◆ Exercise directions:
In the entries below, which lines run from the one with "サイドファスナー開きの男女兼" through the one with "Ціла київська вулиця"? Repeat exactly those, both included, and no pictures.

◆ Given information:
----------

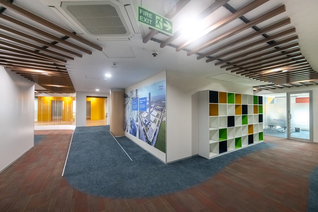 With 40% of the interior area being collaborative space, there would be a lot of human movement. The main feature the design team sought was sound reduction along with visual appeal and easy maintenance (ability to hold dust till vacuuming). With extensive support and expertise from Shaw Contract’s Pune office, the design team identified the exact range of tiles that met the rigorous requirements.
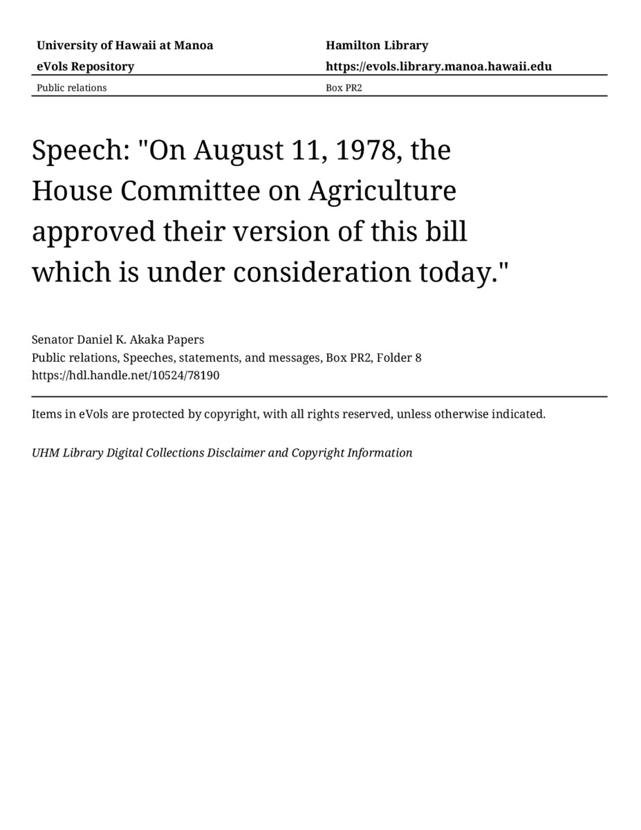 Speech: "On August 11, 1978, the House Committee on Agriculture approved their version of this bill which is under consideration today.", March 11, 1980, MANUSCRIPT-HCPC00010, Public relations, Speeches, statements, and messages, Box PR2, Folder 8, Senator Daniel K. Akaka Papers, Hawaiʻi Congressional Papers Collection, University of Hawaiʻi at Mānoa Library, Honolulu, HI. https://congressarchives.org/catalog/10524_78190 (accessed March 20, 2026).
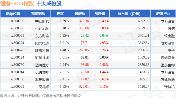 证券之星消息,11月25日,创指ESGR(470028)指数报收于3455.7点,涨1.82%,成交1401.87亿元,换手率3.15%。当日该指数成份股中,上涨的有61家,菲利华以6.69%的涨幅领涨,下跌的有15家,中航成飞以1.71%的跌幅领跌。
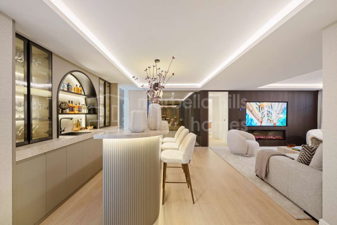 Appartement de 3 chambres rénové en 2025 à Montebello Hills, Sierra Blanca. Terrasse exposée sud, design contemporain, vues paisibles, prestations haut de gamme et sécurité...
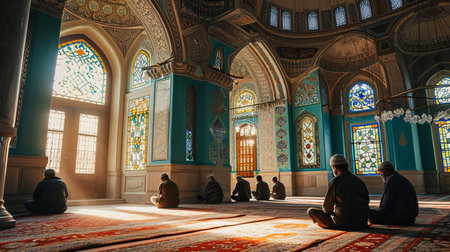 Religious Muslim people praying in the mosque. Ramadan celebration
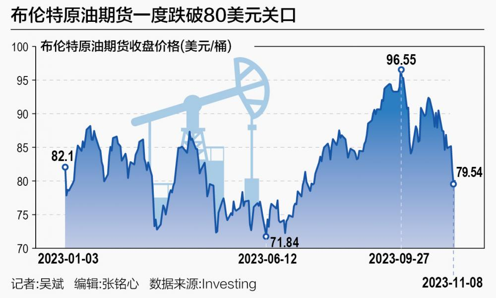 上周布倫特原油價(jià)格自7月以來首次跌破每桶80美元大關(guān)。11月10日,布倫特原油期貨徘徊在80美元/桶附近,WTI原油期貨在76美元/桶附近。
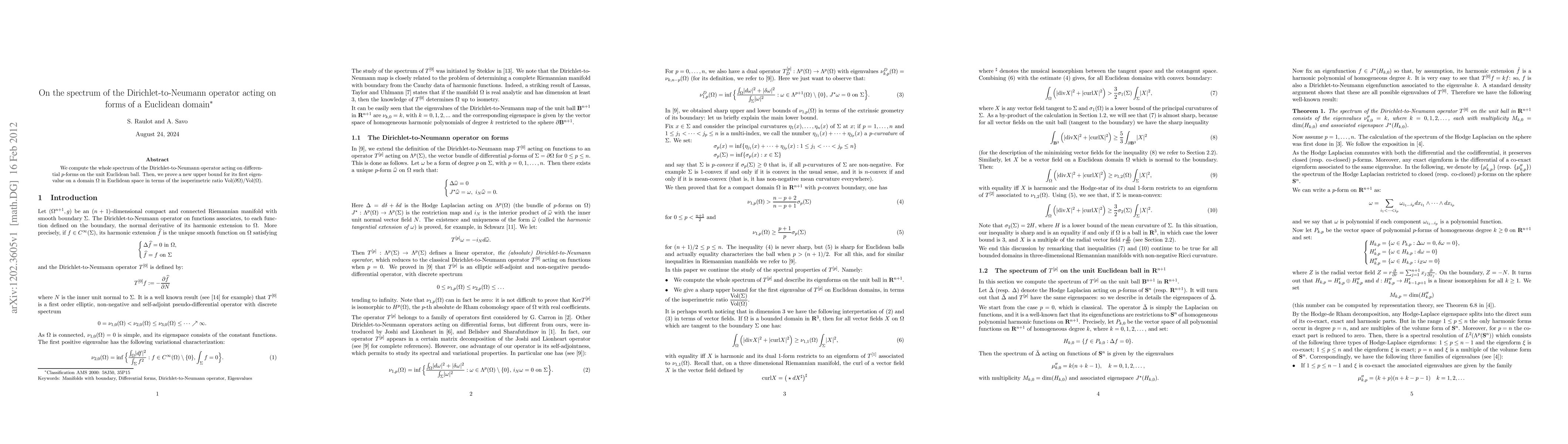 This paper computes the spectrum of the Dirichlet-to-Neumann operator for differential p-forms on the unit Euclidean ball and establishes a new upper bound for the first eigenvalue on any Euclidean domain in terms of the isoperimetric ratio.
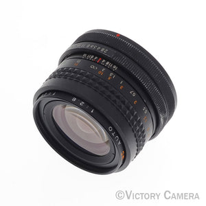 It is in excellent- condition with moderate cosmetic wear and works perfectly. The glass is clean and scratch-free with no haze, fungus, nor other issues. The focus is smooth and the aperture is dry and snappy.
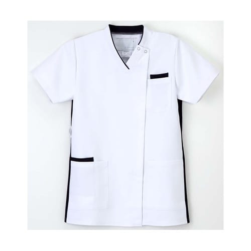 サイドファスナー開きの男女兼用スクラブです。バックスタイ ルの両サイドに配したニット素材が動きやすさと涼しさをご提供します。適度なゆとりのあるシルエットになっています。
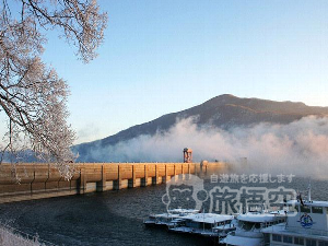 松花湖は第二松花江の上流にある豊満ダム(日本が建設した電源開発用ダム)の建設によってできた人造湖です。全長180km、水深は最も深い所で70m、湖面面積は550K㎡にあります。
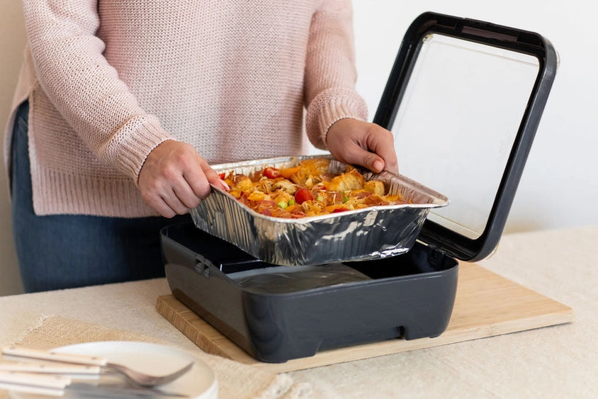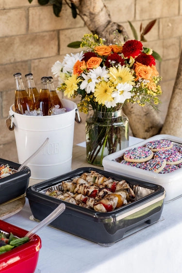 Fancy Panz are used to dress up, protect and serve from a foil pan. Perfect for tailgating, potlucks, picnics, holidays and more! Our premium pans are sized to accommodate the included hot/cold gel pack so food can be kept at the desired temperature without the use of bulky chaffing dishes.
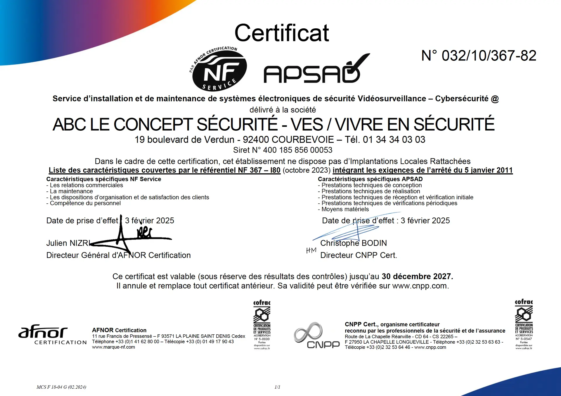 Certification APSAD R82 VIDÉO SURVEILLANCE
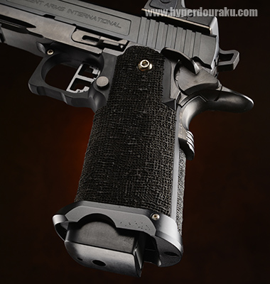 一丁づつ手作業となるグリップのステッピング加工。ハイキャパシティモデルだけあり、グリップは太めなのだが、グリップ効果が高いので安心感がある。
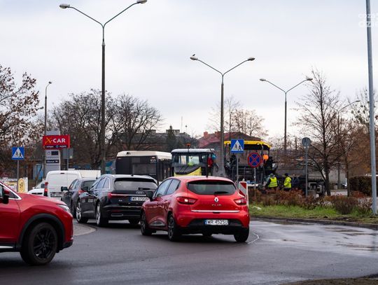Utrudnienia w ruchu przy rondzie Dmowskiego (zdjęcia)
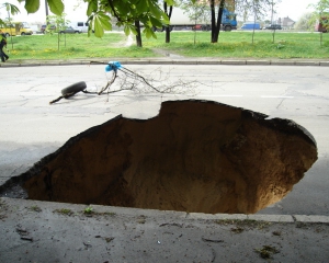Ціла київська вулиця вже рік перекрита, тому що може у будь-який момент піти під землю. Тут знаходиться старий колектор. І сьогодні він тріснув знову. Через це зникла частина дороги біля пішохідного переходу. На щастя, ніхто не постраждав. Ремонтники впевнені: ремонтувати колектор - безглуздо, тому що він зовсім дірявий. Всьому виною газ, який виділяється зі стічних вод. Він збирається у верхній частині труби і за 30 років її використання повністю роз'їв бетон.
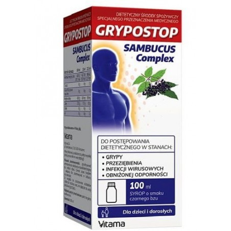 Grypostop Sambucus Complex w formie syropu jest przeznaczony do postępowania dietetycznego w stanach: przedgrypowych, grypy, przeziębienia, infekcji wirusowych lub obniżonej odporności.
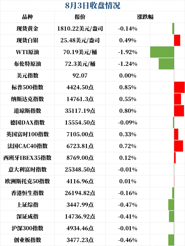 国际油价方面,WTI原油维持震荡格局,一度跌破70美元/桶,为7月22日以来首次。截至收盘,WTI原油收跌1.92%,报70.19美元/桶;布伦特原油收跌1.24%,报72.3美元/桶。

----------

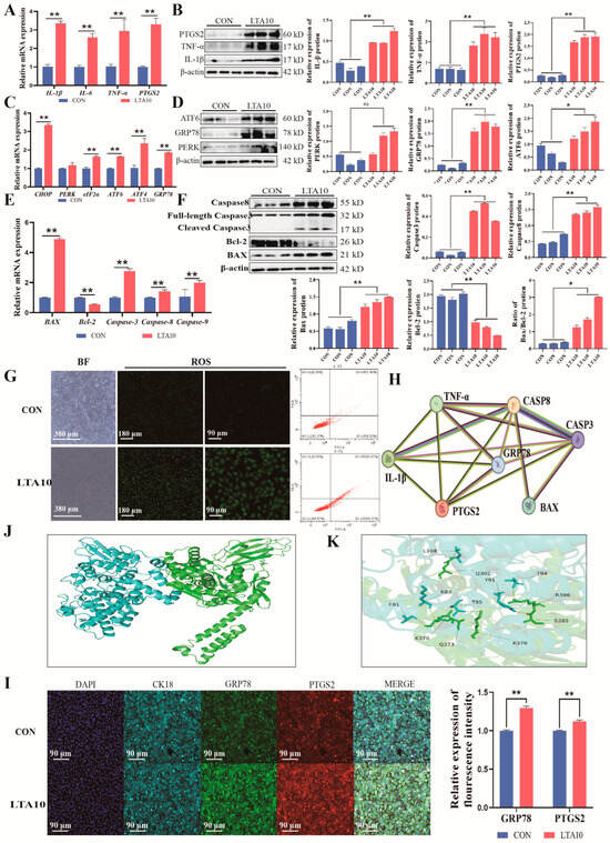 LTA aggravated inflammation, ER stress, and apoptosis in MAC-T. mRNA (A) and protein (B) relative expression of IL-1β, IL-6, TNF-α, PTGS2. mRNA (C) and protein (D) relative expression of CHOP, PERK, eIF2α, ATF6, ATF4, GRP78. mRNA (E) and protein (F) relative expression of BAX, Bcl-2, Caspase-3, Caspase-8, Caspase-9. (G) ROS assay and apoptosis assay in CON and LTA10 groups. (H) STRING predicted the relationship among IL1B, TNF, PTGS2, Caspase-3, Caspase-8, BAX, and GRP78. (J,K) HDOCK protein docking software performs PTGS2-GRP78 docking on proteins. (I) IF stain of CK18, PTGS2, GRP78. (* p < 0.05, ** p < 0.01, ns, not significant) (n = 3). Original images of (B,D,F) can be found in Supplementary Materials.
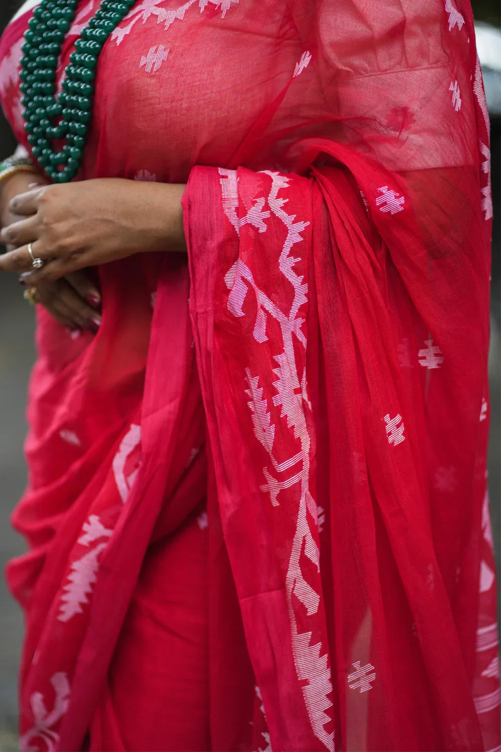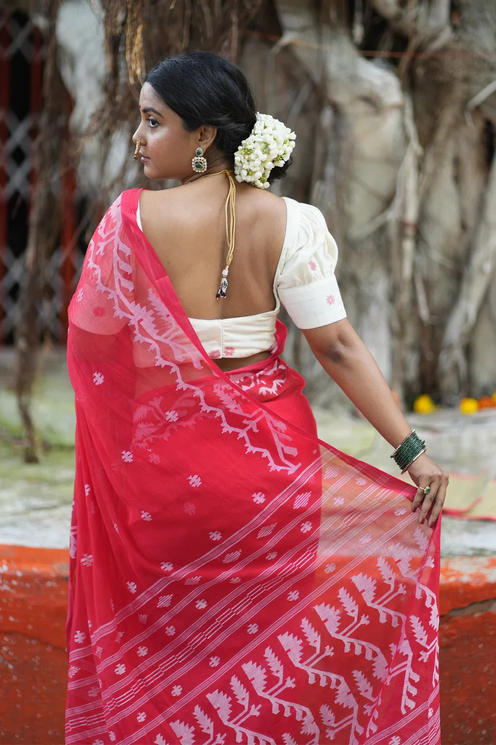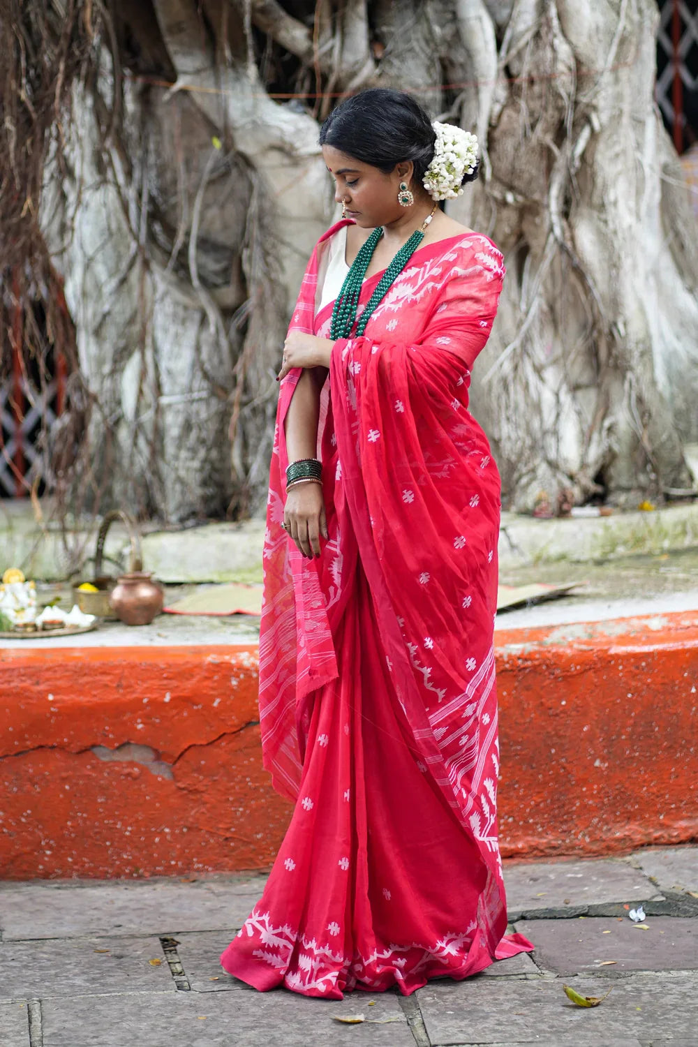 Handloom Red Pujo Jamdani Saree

----------

◆ Result:
 サイドファスナー開きの男女兼用スクラブです。バックスタイ ルの両サイドに配したニット素材が動きやすさと涼しさをご提供します。適度なゆとりのあるシルエットになっています。
 松花湖は第二松花江の上流にある豊満ダム(日本が建設した電源開発用ダム)の建設によってできた人造湖です。全長180km、水深は最も深い所で70m、湖面面積は550K㎡にあります。
 Fancy Panz are used to dress up, protect and serve from a foil pan. Perfect for tailgating, potlucks, picnics, holidays and more! Our premium pans are sized to accommodate the included hot/cold gel pack so food can be kept at the desired temperature without the use of bulky chaffing dishes.
 Certification APSAD R82 VIDÉO SURVEILLANCE
 一丁づつ手作業となるグリップのステッピング加工。ハイキャパシティモデルだけあり、グリップは太めなのだが、グリップ効果が高いので安心感がある。
Utrudnienia w ruchu przy rondzie Dmowskiego (zdjęcia)
Ціла київська вулиця вже рік перекрита, тому що може у будь-який момент піти під землю. Тут знаходиться старий колектор. І сьогодні він тріснув знову. Через це зникла частина дороги біля пішохідного переходу. На щастя, ніхто не постраждав. Ремонтники впевнені: ремонтувати колектор - безглуздо, тому що він зовсім дірявий. Всьому виною газ, який виділяється зі стічних вод. Він збирається у верхній частині труби і за 30 років її використання повністю роз'їв бетон.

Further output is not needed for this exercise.